─── Supplied material

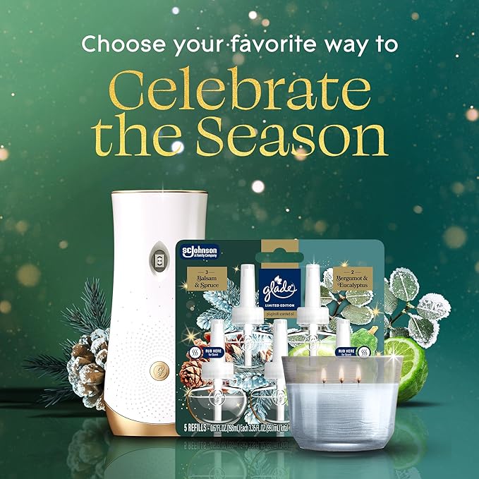 - Also try the Balsam & Spruce and Bergamot & Eucalyptus scents as a Glade air freshener spray, 3-wick candle, or automatic spray
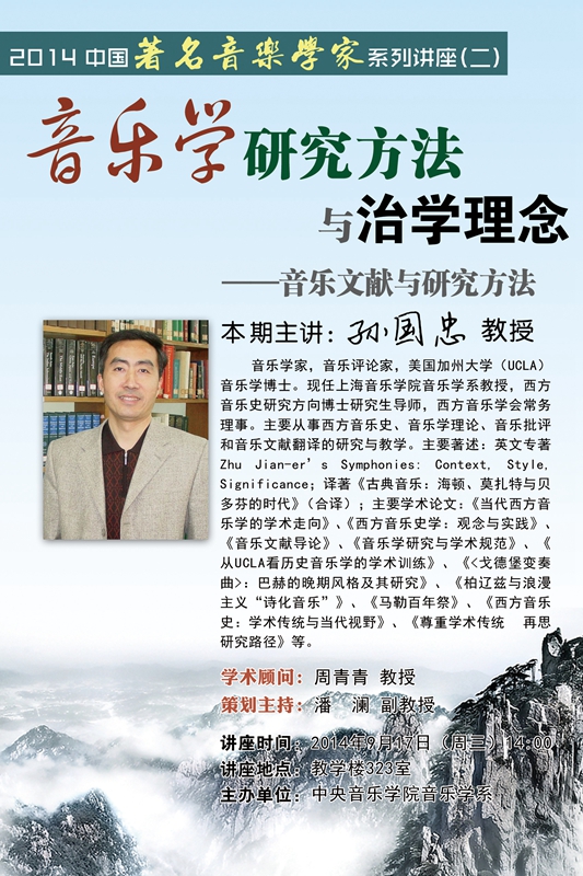 2014年9月17日,上海音乐学院音乐学系教授孙国忠博士应邀为开云kaiyun官方网站师生做了一场题为“音乐文献与研究方法”的学术讲座。此次讲座是2014-2015学年开云kaiyun官方网站音乐学系“音乐学研究方法与治学理念”讲座课程的第2期。部分音乐学系教师,以及博士、硕士研究生、本科生聆听了讲座。
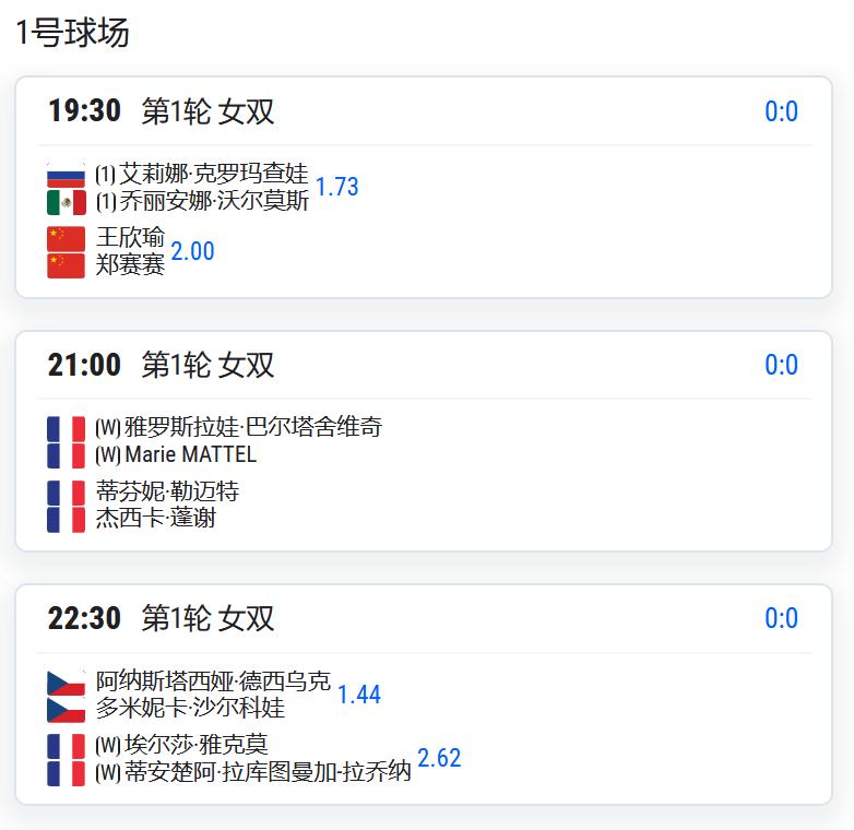 WTA250赛鲁昂站,女双第一轮,郑赛赛/王欣瑜将对阵头号种子克罗玛查娃/沃尔莫斯;

──────

## Exercise instructions
If a picture appears in the data, omit it; transcribe all the rest exactly.

## Expected answer
 - Also try the Balsam & Spruce and Bergamot & Eucalyptus scents as a Glade air freshener spray, 3-wick candle, or automatic spray
 2014年9月17日,上海音乐学院音乐学系教授孙国忠博士应邀为开云kaiyun官方网站师生做了一场题为“音乐文献与研究方法”的学术讲座。此次讲座是2014-2015学年开云kaiyun官方网站音乐学系“音乐学研究方法与治学理念”讲座课程的第2期。部分音乐学系教师,以及博士、硕士研究生、本科生聆听了讲座。
 WTA250赛鲁昂站,女双第一轮,郑赛赛/王欣瑜将对阵头号种子克罗玛查娃/沃尔莫斯;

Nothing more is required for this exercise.